No gymnastics required to fit it into the for pattern. I think that I'd vote for this solution as simpler in this case. But see ahead.

### Optimizations

This solution does more assignments than needed. Consider

      int j = i - 1;
int numberToInsert = sorted[i];
for (; j >= 0 && numberToInsert < sorted[j]; j--) {
sorted[j + 1] = sorted[j];
}
j++;

sorted[j] = numberToInsert;


Now it's not nearly as obvious that this should be a for loop.

      int j = i - 1;
int numberToInsert = sorted[i];
while (j >= 0 && numberToInsert < sorted[j]) {
sorted[j + 1] = sorted[j];
j--;
}
j++;

sorted[j] = numberToInsert;


Either way though, this could save you a bunch of assignments at the expense of always doing an assignment (we can check that i != j if we want to avoid that useless assignment). But looking at this, we have another option:

      int j = i - 1;
int numberToInsert = sorted[i];
while (j >= 0 && numberToInsert < sorted[j]) {
j--;
}
j++;

if (j != i) {
System.arraycopy(sorted, j, sorted, j + 1, i - j);
sorted[j] = numberToInsert;
}


Now we allow the Java compiler to do any optimizations that System.arraycopy allows. At worst this should be the same as the original.

And we might do even better if we take advantage of the sorted portion of the array.

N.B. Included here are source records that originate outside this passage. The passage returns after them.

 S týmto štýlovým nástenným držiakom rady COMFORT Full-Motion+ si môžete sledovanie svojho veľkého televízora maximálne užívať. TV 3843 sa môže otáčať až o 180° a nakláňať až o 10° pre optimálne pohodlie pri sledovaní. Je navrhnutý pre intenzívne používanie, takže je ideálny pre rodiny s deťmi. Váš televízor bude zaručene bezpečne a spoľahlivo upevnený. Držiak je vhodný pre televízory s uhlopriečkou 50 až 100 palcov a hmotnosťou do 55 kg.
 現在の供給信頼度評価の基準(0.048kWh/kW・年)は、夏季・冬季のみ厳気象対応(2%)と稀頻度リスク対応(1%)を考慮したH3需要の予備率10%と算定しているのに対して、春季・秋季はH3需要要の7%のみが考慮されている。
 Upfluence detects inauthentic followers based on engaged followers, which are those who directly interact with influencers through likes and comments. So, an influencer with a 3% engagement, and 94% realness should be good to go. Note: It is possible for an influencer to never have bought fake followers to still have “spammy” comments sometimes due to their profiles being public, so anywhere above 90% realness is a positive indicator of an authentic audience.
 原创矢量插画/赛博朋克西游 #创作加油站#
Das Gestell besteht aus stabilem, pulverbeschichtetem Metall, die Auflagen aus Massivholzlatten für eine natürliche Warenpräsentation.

      int numberToInsert = sorted[i];
int j = Math.abs(1 + Arrays.binarySearch(sorted, 0, i - 1, numberToInsert));

if (j != i) {
System.arraycopy(sorted, j, sorted, j + 1, i - j);
sorted[j] = numberToInsert;
}


Of course, one of the benefits of an insertion sort is its simplicity. This replaces two things we originally did in a single loop with two system calls. That may not be faster in some cases. In particular, consider the case of an already sorted list. The original algorithm runs in $O(n)$ time in that case, as the inner loop simply doesn't iterate. This version would run in $O(n \log n)$ because binarySearch is a logarithmic operation.

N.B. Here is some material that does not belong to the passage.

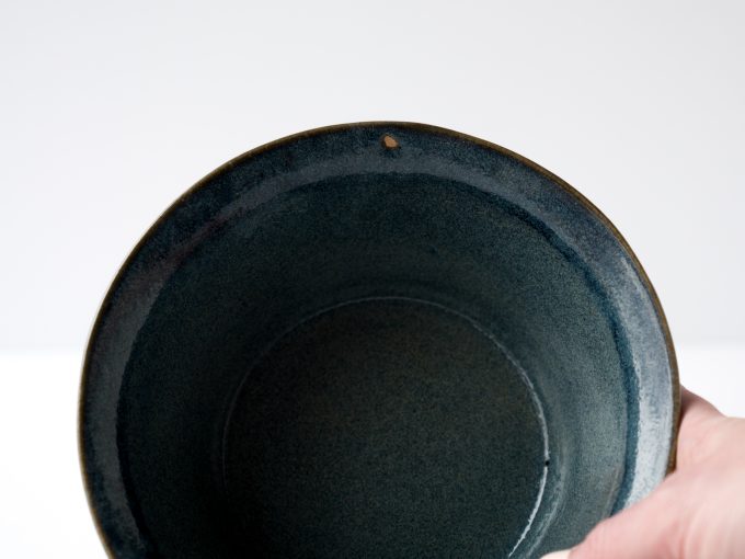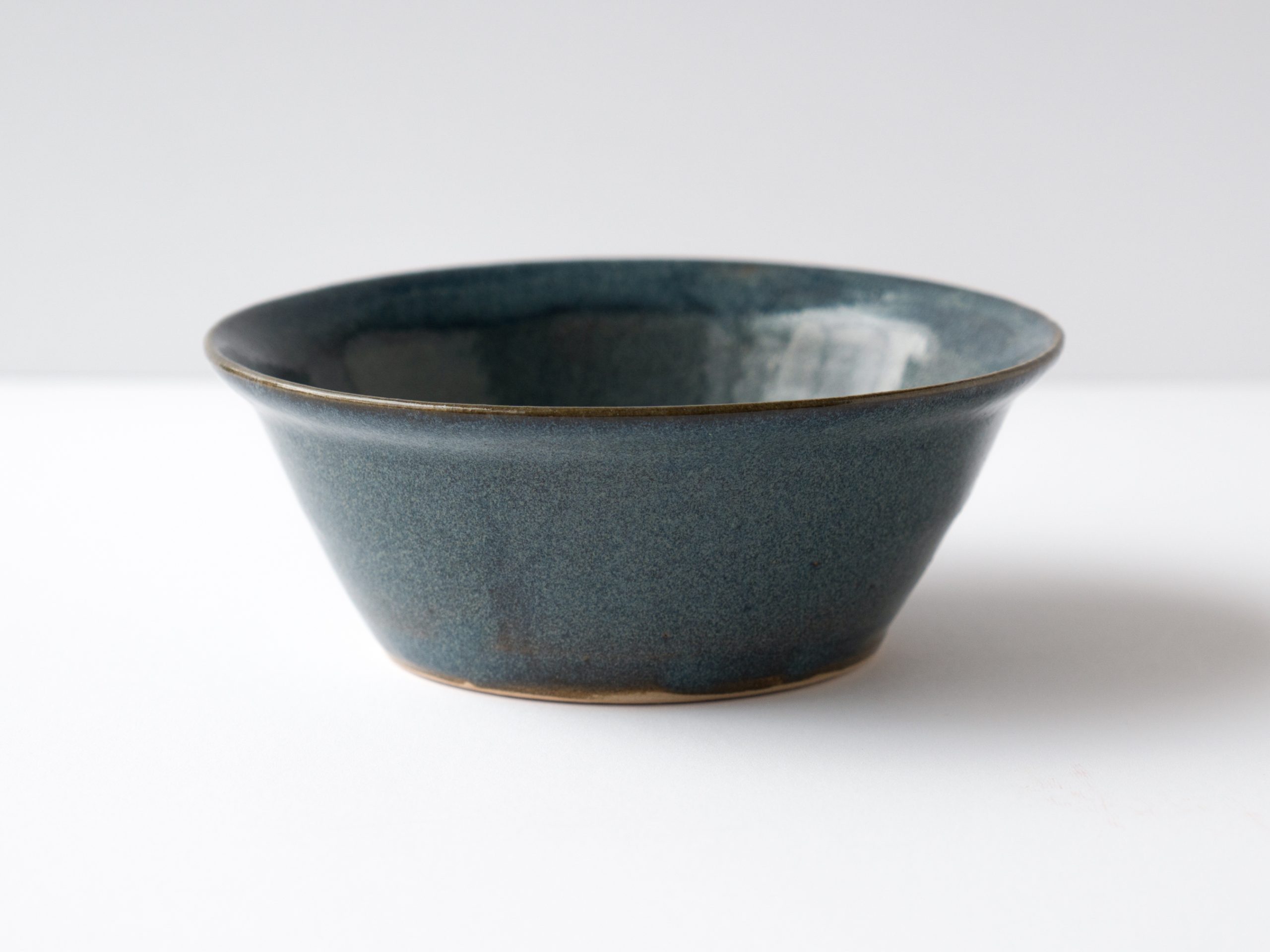 Wheel thrown blue bowl. Sized well for a fruit or a serving bowl. Variegated blue glaze. See detail photos for minor blemish in glaze.

Note: adding one to the binarySearch result and taking the absolute value always gives the insertion point. This is because a positive result is the current location of the element, and we want to insert after the current location in case of duplicates (technically we want to insert after the last duplicate, but I didn't add that logic); and a negative result is one less than the insertion point.

Another issue is that the original version might parallelize better. One core can do comparisons while the other core writes values. Or maybe the compiler optimizes binarySearch and arraycopy better. You'd have to test to see, and you might get different results on different platforms.